We can rent the saw too, but we have to have our own blade.


----------



## slownsteady (Aug 7, 2014)

Yeah, the saw is about $40 for the rental and I can get a diamond blade rental for an additional $40 (!?) or I can buy a 10" diamond blade for the same $40. Considering I have to make only about 2 or 3 cuts, the cost of a rental seems silly. I have used the 7.5" saw to do this before and that's okay  but i was wondering if the table saw would be better or worse. It def would be more expensive if I trashed my table saw.


----------



## nealtw (Aug 7, 2014)

The cut wouldn't hurt the saw it would get sand blasted or maybe some sparks or if you run water, what about the motor.


----------



## slownsteady (Aug 7, 2014)

I would cut it dry on the table. i usually just cut dry with the circ saw too. 
The more I think about it, the more i want to stay with the circ saw. I already have _that_ blade, so it's no additional cost at all. And Chris makes a good point - the blade rotation on the table saw would throw more stuff my way.


----------



## beachguy005 (Aug 8, 2014)

I cut a bunch of of concrete blocks just using an angle grinder with a diamond blade. Even though I couldn't cut all the way through I cut it around and just snapped it off at the cut.  
Frankly, the snapped part looked more natural than the cut parts but any ragged edges can be dressed with the tool.


----------



## slownsteady (Aug 8, 2014)

The cuts here would be the seams between the caps. Smooth and straight for a flush fit. Two passes will cut all the way through-I just have to be spot-on with the second pass. That's why I thought the larger blade on the table saw would be good.


----------



## stadry (Aug 19, 2014)

i don't think a table saw has enough rpm's to run a diamond blade for masonary work BUT i've been wrong before,,, demo saws run about 5 - 6,000rpm's as i recall & blades are specifically made for them


----------



## nealtw (Aug 19, 2014)

table saw turns a 3400rpm


----------



## Chris (Aug 20, 2014)

What about a skil saw with a diamond blade? I have one and use it frequently. It cuts deeper than a angle grinder.


----------



## slownsteady (Aug 20, 2014)

Diamond blade on a 71/2" craftsman circular saw cuts well without much effort. Sure, a demo saw would be nice, but if I ran out and bought every tool for every purpose....., and renting one for just a couple of cuts isn't economical.


----------



## inspectorD (Aug 20, 2014)

Chris said:


> What about a skil saw with a diamond blade? I have one and use it frequently. It cuts deeper than a angle grinder.

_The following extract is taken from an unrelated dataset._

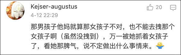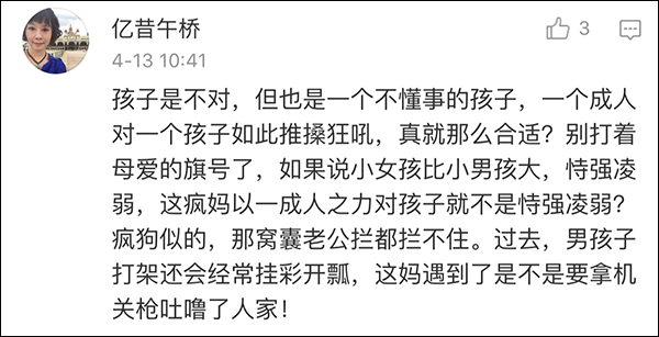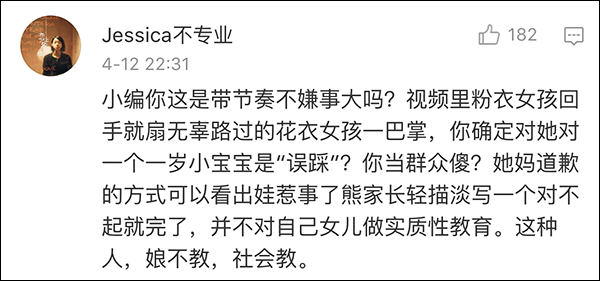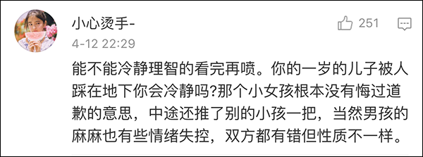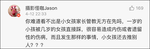 而另一方,則找出視頻中,小女孩推搡另一圍觀小女孩的細節,認為女孩欠管教,是個熊孩子。

Yup, and just make sure you plug it into a GFCI outlet.... because you need to pour water on the brick as you cut it...or you will have dust like you won't believe.. It also cools the blade.
Have a hose just running water over the cut at a trickle works best.


----------



## nealtw (Aug 20, 2014)

inspectorD said:


> Yup, and just make sure you plug it into a GFCI outlet.... because you need to pour water on the brick as you cut it...or you will have dust like you won't believe.. It also cools the blade.
> Have a hose just running water over the cut at a trickle works best.



We use these saws in the rain while standing in the mud all the time. If you do get a shock it is only when the motor is running so you are sharing the load and not getting full value.
Most gfci only kick off when your extention cord falls in the water. And some don't kick off when you get a shock even if they pass the test


----------



## mako1 (Aug 22, 2014)

I would think it would be dangerous and scar the hell out of the table.Plus sending all kinds of dust into the motor.You know it will bind.A block is not going to run thru a tablesaw smoothly.
Use an angle grinder with a diamond blade and be done.Score them as deep as you can all around.Break it off and clean it up.Still a couple  minute job an not taking a chance of screwing up a table saw.


----------



## stadry (Aug 23, 2014)

we use skilsaws w/diamond blades however our saws are mounted on rollercarts for conc scoring & cutting


----------